Back(dating) to the Future: Corporations with Backdating Irregularities to Face Tax Liabilities as Past Grants Lose Favored Status

Now that we can see the tip of the iceberg with well over 150 federal investigations pending (and scores others we don’t know of yet) corporations who have had to restate financials to account for the malfeasance of former executives will now face additional scrutiny with the Internal Revenue Service. In future posts, we will examine the tax consequences of these backdating cases and the way in which the IRS treats these cases.

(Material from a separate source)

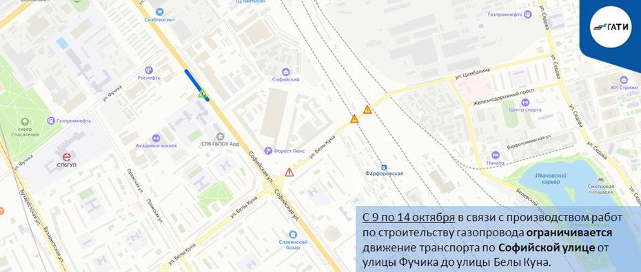 На Софийской улице ООО "ПетербургГаз" продолжает строить газопровод. С 9 по 14 октября во Фрунзенском районе ограничат проезд на участке от улицы Фучика до улицы Белы Куна.

As pointed out in a recent article in as to one case:

“Mercury’s headaches haven’t ended. Aside from a possible SEC lawsuit against its directors, the company also faces $44 million in additional tax liabilities. While the cash expense is still being negotiated with the Internal Revenue Service, Mercury estimates it will have to withhold an additional $9.1 million to cover employee stock options that lost their tax-favored status as incentive stock options. To add more complications, Mercury reported that some of its executives had fudged option-exercise dates on several occasions to lower their personal tax bills, which could have resulted in the company underreporting its tax liability, exposing it to more penalties. Meanwhile, executive grants that could no longer be considered performance-based (and therefore tax-deductible) by virtue of being backdated have forced Mercury to give up $57.1 million of future tax breaks in the form of net operating loss (NOL) carryforwards.”